On 13 July 2014 14:28, Sai Rajeshwar <rajsai24@gmail.com> wrote:

2)for i in xrange(pooled_shape[1]):
            for j in xrange(pooled_shape[2]):
                for k in xrange(pooled_shape[3]):
                    for l in xrange(pooled_shape[4]):
                        pooled[0][i][j][k][l]=math.tanh((numpy.sum(conv_out[0][i][j][k*3][l*3:(l+1)*3])+numpy.sum(conv_out[0][i][j][k*3+1][l*3:(l+1)*3])+numpy.sum(conv_out[0][i][j][k*3+2][l*3:(l+1)*3]))/9.0+b[i][j])

You should get a speed up by accessing the arrays in a more efficient way:

pooled[0, i, j, k, l] = math.tanh((numpy.sum(conv_out[0, i, j, k*3, l*3:(l+1)*3]) + numpy.sum(conv_out[0, i, j, k*3+1, l*3:(l+1)*3]) + numpy.sum(conv_out[0, i, j, k*3+2, l*3:(l+1)*3]))/9.0+b[i, j])

In fact:

numpy.sum(conv_out[0, i, j, k*3, l*3:(l+1)*3]) + numpy.sum(conv_out[0, i, j, k*3+1, l*3:(l+1)*3])

seems equivalent to:

numpy.sum(conv_out[0, i, j, k*3: k*3 +1, l*3:(l+1)*3])

To take the last one into account:

vec = numpy.sum(conv_out[0, i, j, k*3: k*3 + 2, l*3:(l+1)*3], axis=-1)
pooled[0, i, j, k, l] = vec[0] + vec[1] + vec[2] / 9.0

And you can probably get rid of the i and j indexes all together.

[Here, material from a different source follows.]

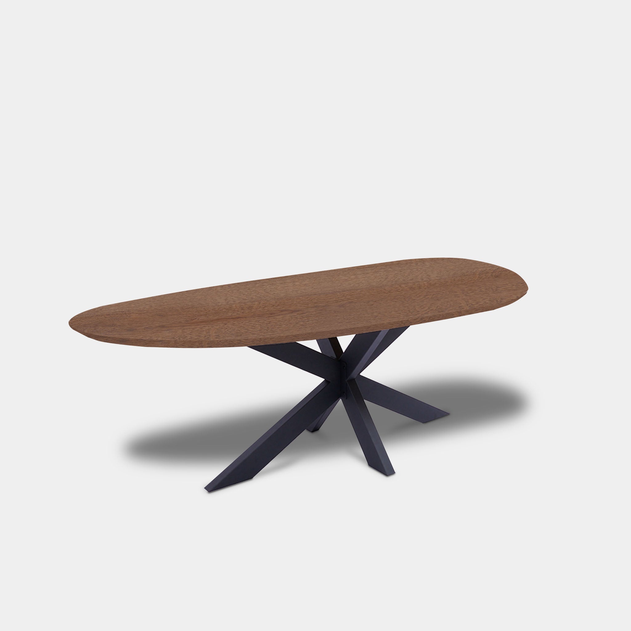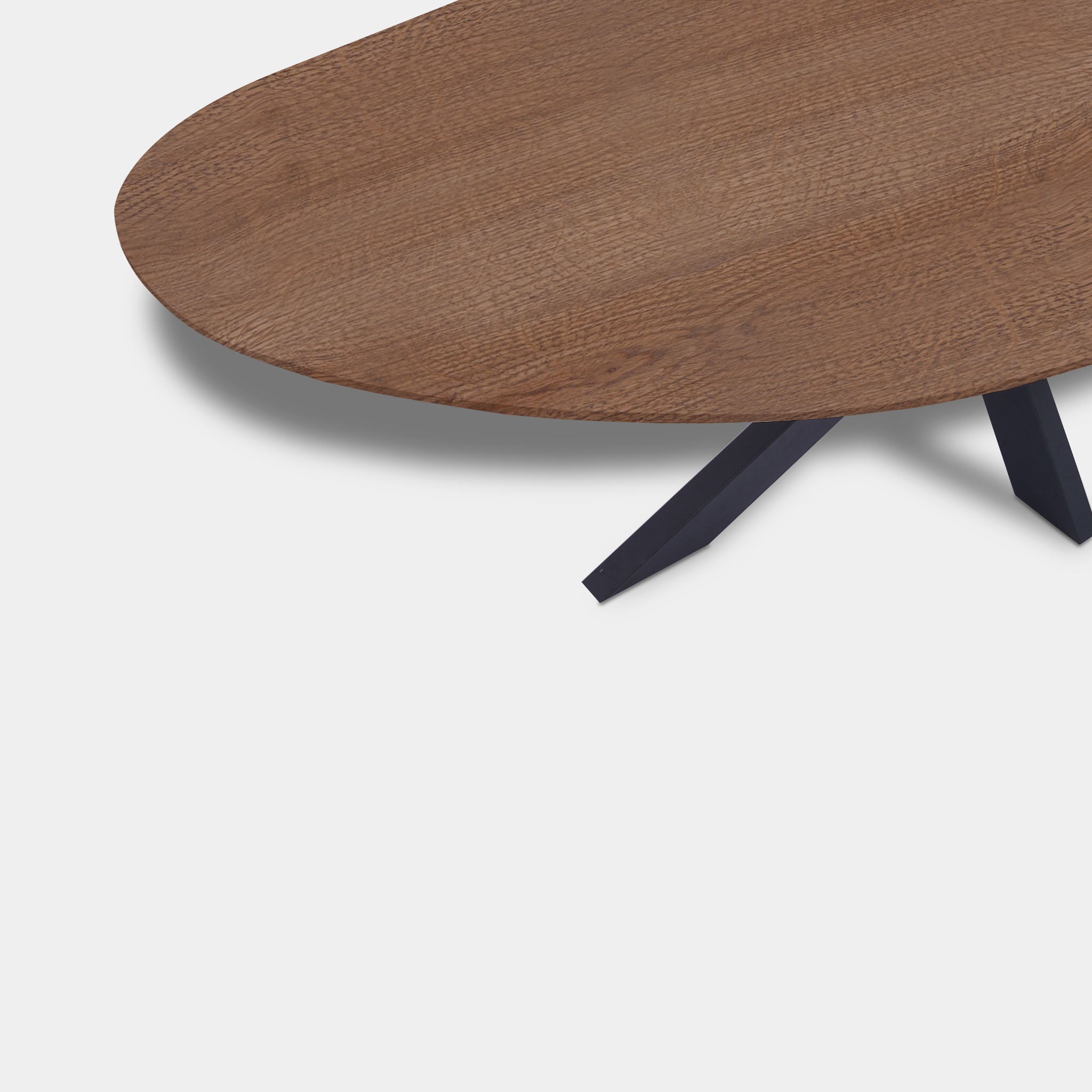 This warm and characterful, organically shaped table in solid oak, finished in the atmospheric Cinnamon color, perfectly combines soft craftsmanship and modern design. The undulating, natural lines of the top create a playful and inviting shape, while the sturdy black powder-coated steel matrix base provides a stylish and robust foundation.

Something like this should work (untested):

for k in...
for l in...
output = numpy.sum(conv_out[0, :, :, k*3: k*3 +1, l*3:(l+1)*3]), axis=-1)
output += numpy.sum(conv_out[0, :, :, k*3 + 2, l*3 : (l+1)*3])), axis=-1)/9.0
output += b
pooled[0, :, :, k, l] = numpy.tanh(output)

In this case, one of the loops seems a great target for parallelisation. Also, Cython should help reduce the loop overhead.